| What the exercise asks |
Find the line below with "豊橋の市電は、100年前から" and the line with "Kerti locsoló, 6- funkciós, meghajtott, szabályozott". Output exactly those lines and everything between them, leaving out the pictures.

| Material for the task |
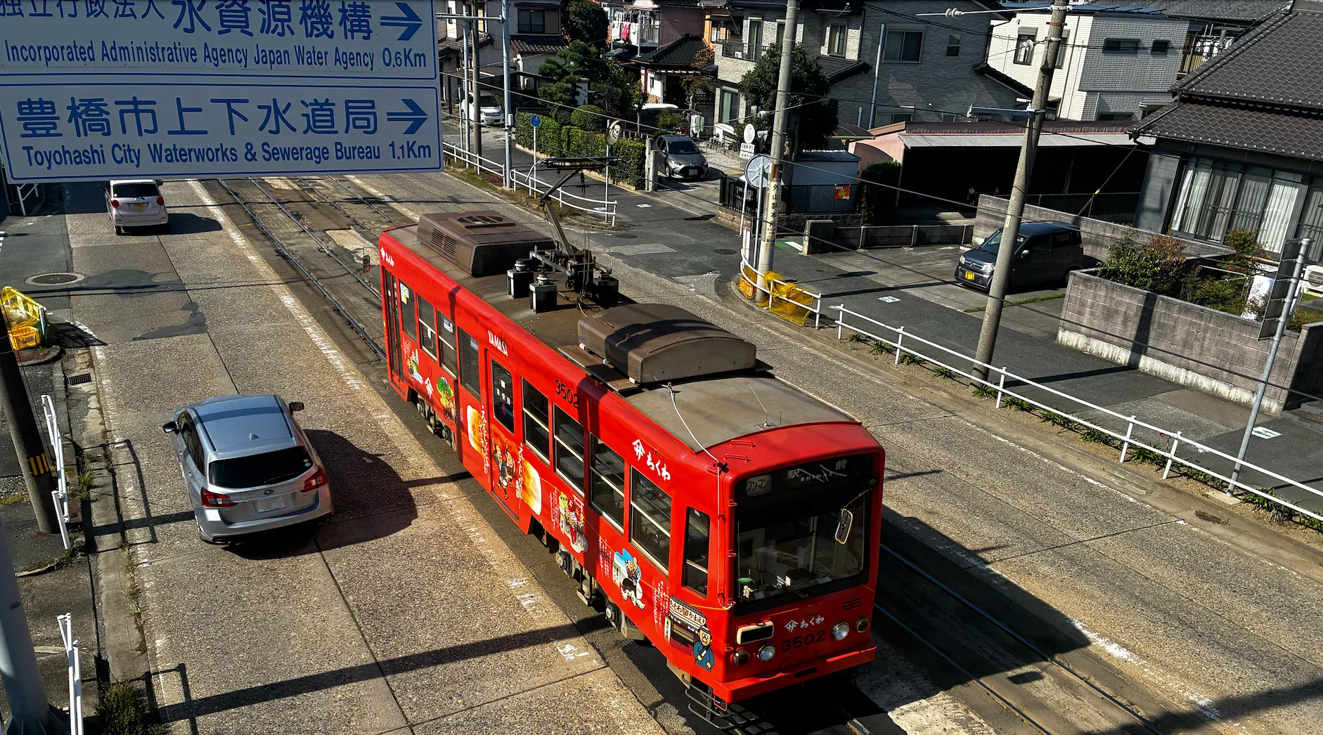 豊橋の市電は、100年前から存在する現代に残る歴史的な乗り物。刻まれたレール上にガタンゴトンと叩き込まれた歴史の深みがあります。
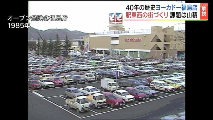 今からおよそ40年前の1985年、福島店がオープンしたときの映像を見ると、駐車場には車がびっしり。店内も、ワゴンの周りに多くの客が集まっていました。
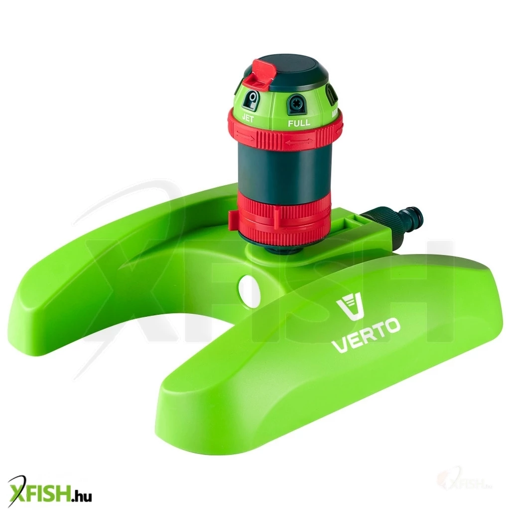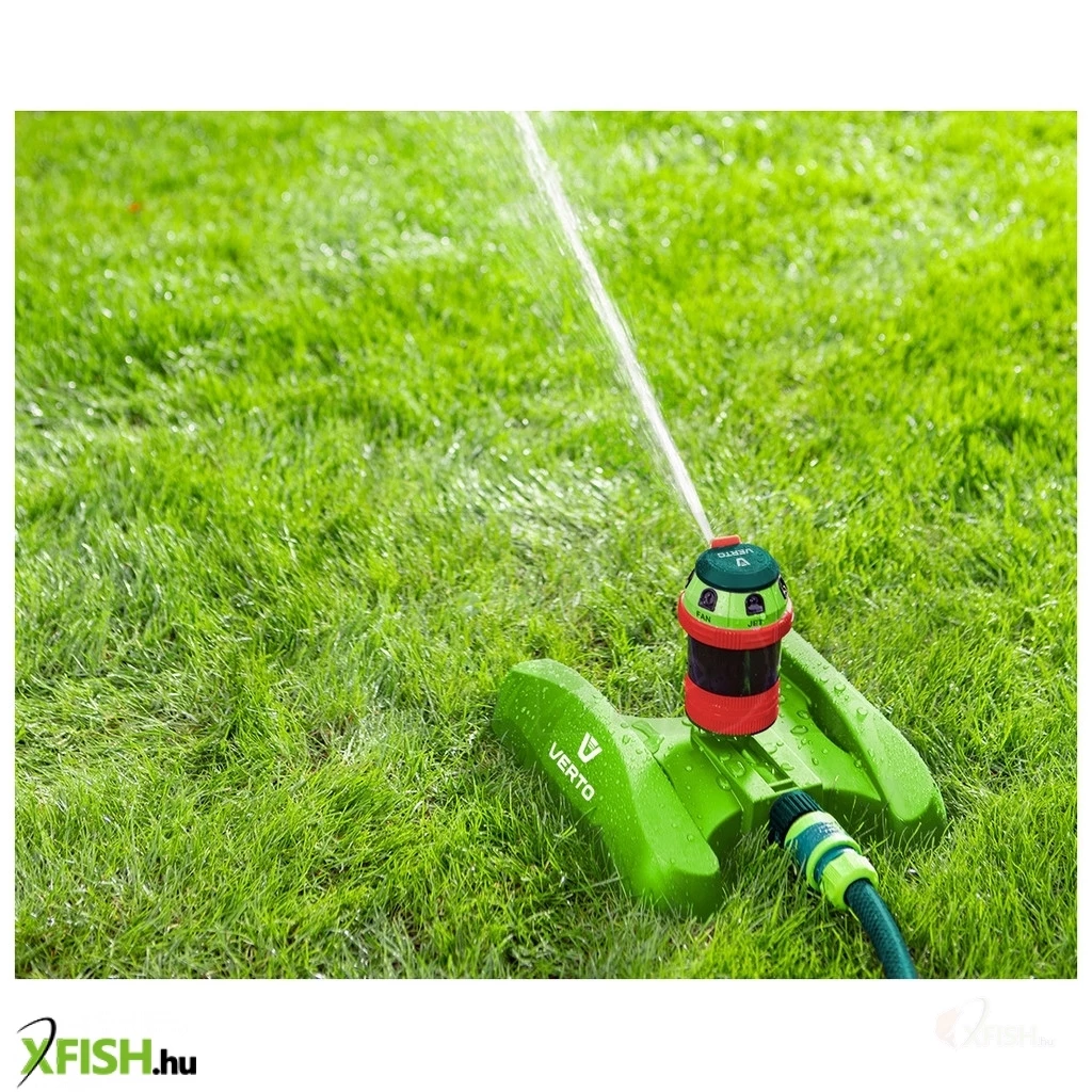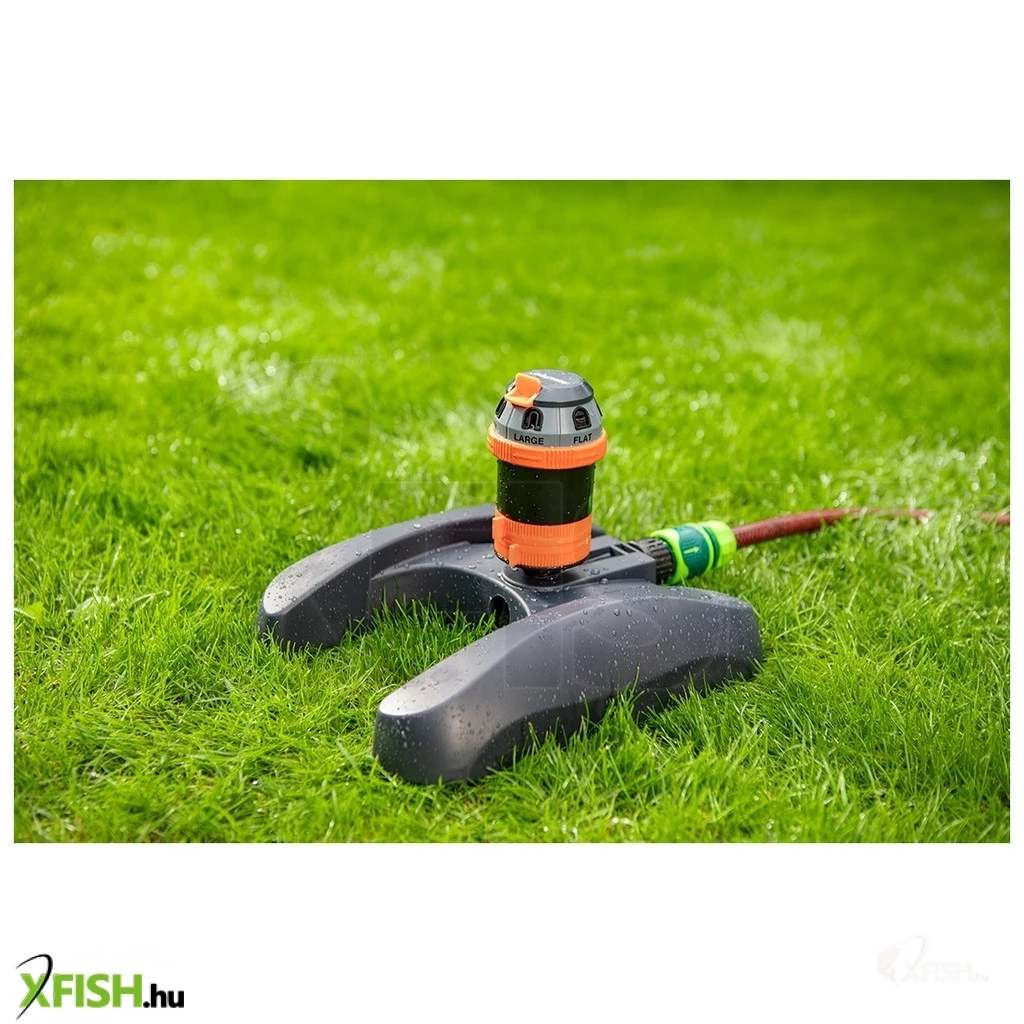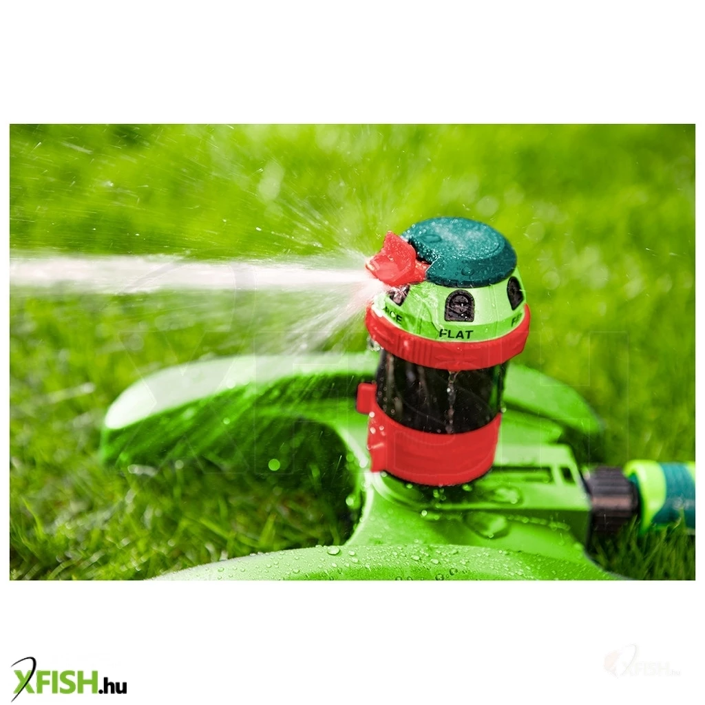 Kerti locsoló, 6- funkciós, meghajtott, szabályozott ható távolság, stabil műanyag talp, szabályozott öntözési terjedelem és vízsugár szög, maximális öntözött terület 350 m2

---

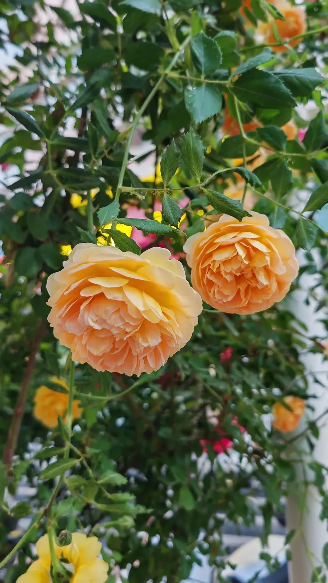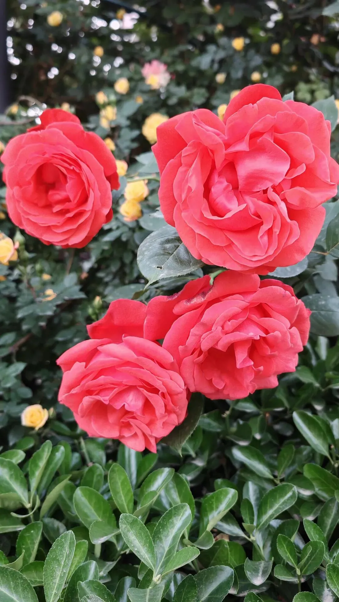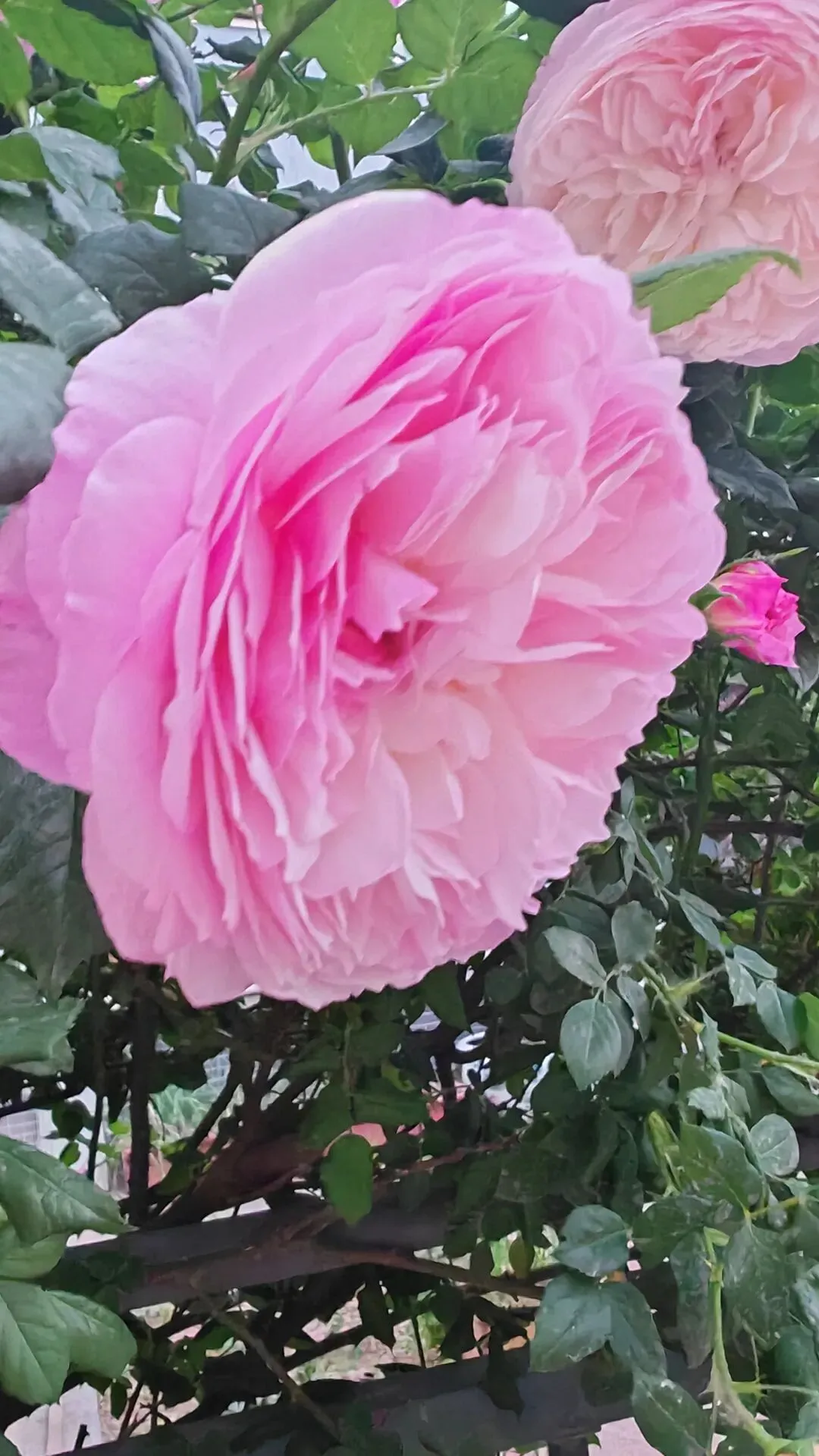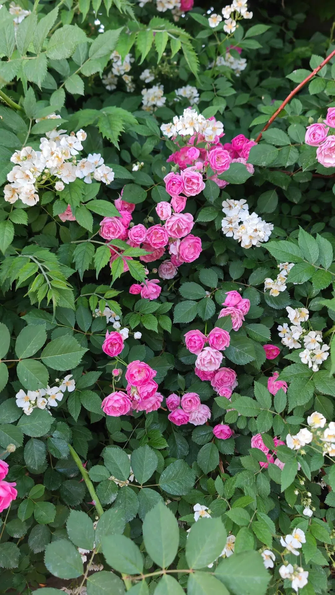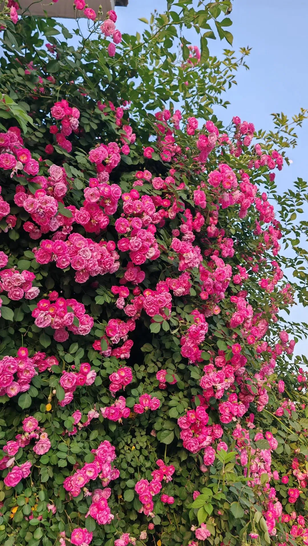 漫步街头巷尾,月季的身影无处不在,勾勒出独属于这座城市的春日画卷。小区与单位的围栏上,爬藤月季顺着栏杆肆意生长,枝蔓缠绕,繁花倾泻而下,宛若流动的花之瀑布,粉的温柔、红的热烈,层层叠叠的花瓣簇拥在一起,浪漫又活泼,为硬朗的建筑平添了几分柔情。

| Solution below |
 豊橋の市電は、100年前から存在する現代に残る歴史的な乗り物。刻まれたレール上にガタンゴトンと叩き込まれた歴史の深みがあります。
 今からおよそ40年前の1985年、福島店がオープンしたときの映像を見ると、駐車場には車がびっしり。店内も、ワゴンの周りに多くの客が集まっていました。
 Kerti locsoló, 6- funkciós, meghajtott, szabályozott ható távolság, stabil műanyag talp, szabályozott öntözési terjedelem és vízsugár szög, maximális öntözött terület 350 m2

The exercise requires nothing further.